+++ Records for this exercise +++

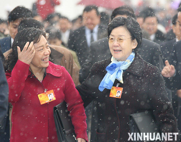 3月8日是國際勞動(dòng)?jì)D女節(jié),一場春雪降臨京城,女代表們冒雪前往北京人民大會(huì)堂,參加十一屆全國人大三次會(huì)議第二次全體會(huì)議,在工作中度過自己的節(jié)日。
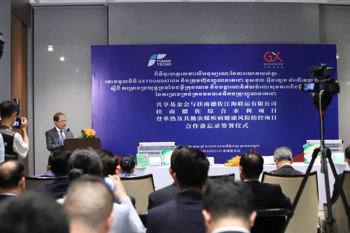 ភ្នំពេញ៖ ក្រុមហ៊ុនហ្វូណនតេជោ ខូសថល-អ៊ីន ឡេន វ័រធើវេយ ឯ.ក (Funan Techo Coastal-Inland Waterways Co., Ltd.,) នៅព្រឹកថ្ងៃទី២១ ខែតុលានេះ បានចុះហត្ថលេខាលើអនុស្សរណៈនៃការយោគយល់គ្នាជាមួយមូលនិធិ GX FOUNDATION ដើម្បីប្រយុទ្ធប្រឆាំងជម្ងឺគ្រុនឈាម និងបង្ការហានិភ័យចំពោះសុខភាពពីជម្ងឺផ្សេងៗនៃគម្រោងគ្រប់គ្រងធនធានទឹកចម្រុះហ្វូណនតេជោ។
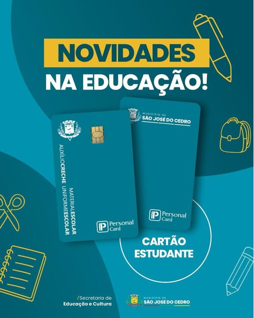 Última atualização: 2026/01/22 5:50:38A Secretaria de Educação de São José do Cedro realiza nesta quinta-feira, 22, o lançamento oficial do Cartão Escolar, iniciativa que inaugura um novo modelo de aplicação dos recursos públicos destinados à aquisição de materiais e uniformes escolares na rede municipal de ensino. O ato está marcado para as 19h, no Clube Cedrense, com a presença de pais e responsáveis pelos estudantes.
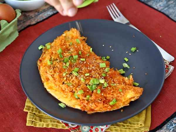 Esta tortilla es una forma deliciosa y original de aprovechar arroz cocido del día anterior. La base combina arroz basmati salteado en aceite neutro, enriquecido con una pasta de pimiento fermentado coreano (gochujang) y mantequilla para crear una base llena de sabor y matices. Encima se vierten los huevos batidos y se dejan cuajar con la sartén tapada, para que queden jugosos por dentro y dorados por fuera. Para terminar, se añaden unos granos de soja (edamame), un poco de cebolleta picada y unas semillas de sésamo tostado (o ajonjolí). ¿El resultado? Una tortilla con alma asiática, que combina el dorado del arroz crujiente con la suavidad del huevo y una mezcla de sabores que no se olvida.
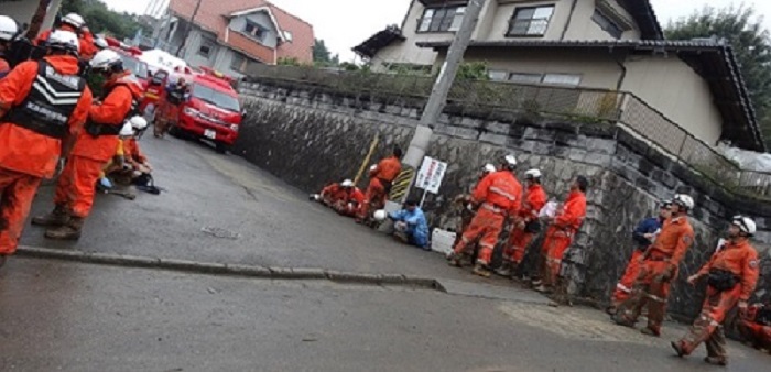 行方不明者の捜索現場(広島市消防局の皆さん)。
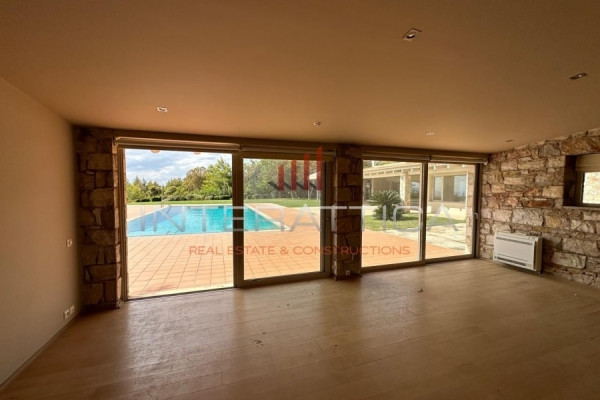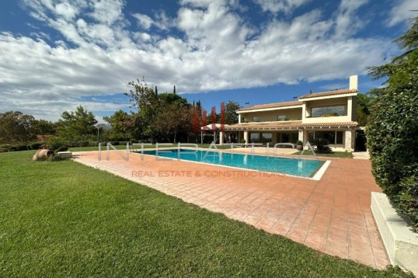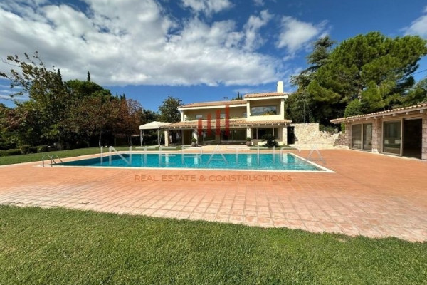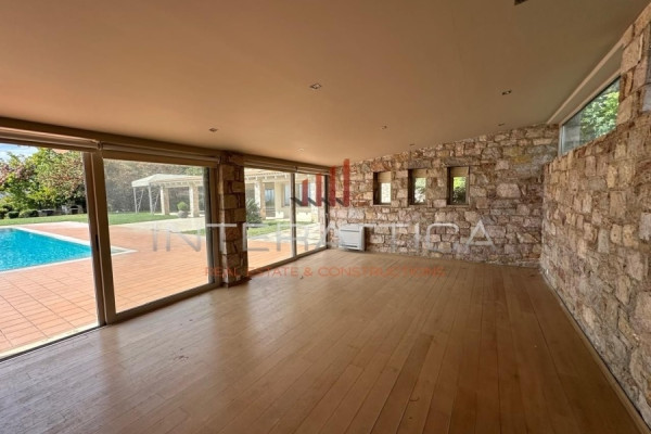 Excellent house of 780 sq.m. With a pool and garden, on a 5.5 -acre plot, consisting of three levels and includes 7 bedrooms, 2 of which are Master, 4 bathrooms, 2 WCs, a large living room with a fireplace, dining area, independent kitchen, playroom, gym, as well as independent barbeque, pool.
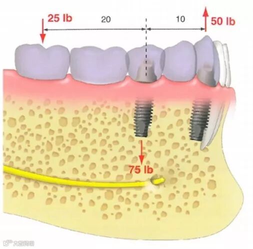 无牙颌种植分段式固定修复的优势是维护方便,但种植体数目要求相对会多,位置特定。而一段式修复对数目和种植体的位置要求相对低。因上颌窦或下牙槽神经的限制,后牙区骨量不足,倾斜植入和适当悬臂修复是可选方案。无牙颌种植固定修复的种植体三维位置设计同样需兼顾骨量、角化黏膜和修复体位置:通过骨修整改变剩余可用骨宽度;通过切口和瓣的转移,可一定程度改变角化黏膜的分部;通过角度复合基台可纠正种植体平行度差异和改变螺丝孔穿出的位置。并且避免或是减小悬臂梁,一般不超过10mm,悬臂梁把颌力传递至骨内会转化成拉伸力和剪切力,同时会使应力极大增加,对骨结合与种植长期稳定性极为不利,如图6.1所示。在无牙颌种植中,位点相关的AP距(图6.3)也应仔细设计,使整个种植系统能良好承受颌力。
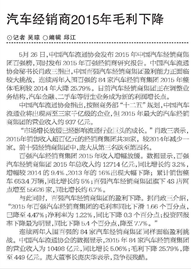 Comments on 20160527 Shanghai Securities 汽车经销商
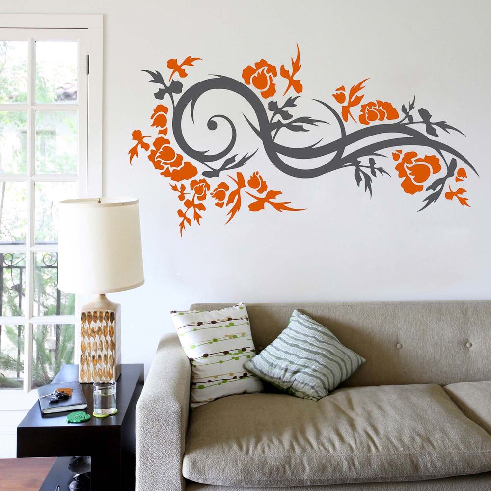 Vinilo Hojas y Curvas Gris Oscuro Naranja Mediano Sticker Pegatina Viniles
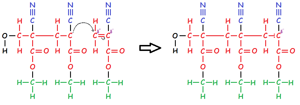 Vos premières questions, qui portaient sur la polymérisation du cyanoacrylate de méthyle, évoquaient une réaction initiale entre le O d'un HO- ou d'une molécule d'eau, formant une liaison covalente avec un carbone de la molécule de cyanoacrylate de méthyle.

+++

Task
Could the entries above be written out word for word, with no pictures?

Written response
 3月8日是國際勞動(dòng)?jì)D女節(jié),一場春雪降臨京城,女代表們冒雪前往北京人民大會(huì)堂,參加十一屆全國人大三次會(huì)議第二次全體會(huì)議,在工作中度過自己的節(jié)日。
 ភ្នំពេញ៖ ក្រុមហ៊ុនហ្វូណនតេជោ ខូសថល-អ៊ីន ឡេន វ័រធើវេយ ឯ.ក (Funan Techo Coastal-Inland Waterways Co., Ltd.,) នៅព្រឹកថ្ងៃទី២១ ខែតុលានេះ បានចុះហត្ថលេខាលើអនុស្សរណៈនៃការយោគយល់គ្នាជាមួយមូលនិធិ GX FOUNDATION ដើម្បីប្រយុទ្ធប្រឆាំងជម្ងឺគ្រុនឈាម និងបង្ការហានិភ័យចំពោះសុខភាពពីជម្ងឺផ្សេងៗនៃគម្រោងគ្រប់គ្រងធនធានទឹកចម្រុះហ្វូណនតេជោ។
 Última atualização: 2026/01/22 5:50:38A Secretaria de Educação de São José do Cedro realiza nesta quinta-feira, 22, o lançamento oficial do Cartão Escolar, iniciativa que inaugura um novo modelo de aplicação dos recursos públicos destinados à aquisição de materiais e uniformes escolares na rede municipal de ensino. O ato está marcado para as 19h, no Clube Cedrense, com a presença de pais e responsáveis pelos estudantes.
 Esta tortilla es una forma deliciosa y original de aprovechar arroz cocido del día anterior. La base combina arroz basmati salteado en aceite neutro, enriquecido con una pasta de pimiento fermentado coreano (gochujang) y mantequilla para crear una base llena de sabor y matices. Encima se vierten los huevos batidos y se dejan cuajar con la sartén tapada, para que queden jugosos por dentro y dorados por fuera. Para terminar, se añaden unos granos de soja (edamame), un poco de cebolleta picada y unas semillas de sésamo tostado (o ajonjolí). ¿El resultado? Una tortilla con alma asiática, que combina el dorado del arroz crujiente con la suavidad del huevo y una mezcla de sabores que no se olvida.
 行方不明者の捜索現場(広島市消防局の皆さん)。
 Excellent house of 780 sq.m. With a pool and garden, on a 5.5 -acre plot, consisting of three levels and includes 7 bedrooms, 2 of which are Master, 4 bathrooms, 2 WCs, a large living room with a fireplace, dining area, independent kitchen, playroom, gym, as well as independent barbeque, pool.
 无牙颌种植分段式固定修复的优势是维护方便,但种植体数目要求相对会多,位置特定。而一段式修复对数目和种植体的位置要求相对低。因上颌窦或下牙槽神经的限制,后牙区骨量不足,倾斜植入和适当悬臂修复是可选方案。无牙颌种植固定修复的种植体三维位置设计同样需兼顾骨量、角化黏膜和修复体位置:通过骨修整改变剩余可用骨宽度;通过切口和瓣的转移,可一定程度改变角化黏膜的分部;通过角度复合基台可纠正种植体平行度差异和改变螺丝孔穿出的位置。并且避免或是减小悬臂梁,一般不超过10mm,悬臂梁把颌力传递至骨内会转化成拉伸力和剪切力,同时会使应力极大增加,对骨结合与种植长期稳定性极为不利,如图6.1所示。在无牙颌种植中,位点相关的AP距(图6.3)也应仔细设计,使整个种植系统能良好承受颌力。
 Comments on 20160527 Shanghai Securities 汽车经销商
 Vinilo Hojas y Curvas Gris Oscuro Naranja Mediano Sticker Pegatina Viniles
 Vos premières questions, qui portaient sur la polymérisation du cyanoacrylate de méthyle, évoquaient une réaction initiale entre le O d'un HO- ou d'une molécule d'eau, formant une liaison covalente avec un carbone de la molécule de cyanoacrylate de méthyle.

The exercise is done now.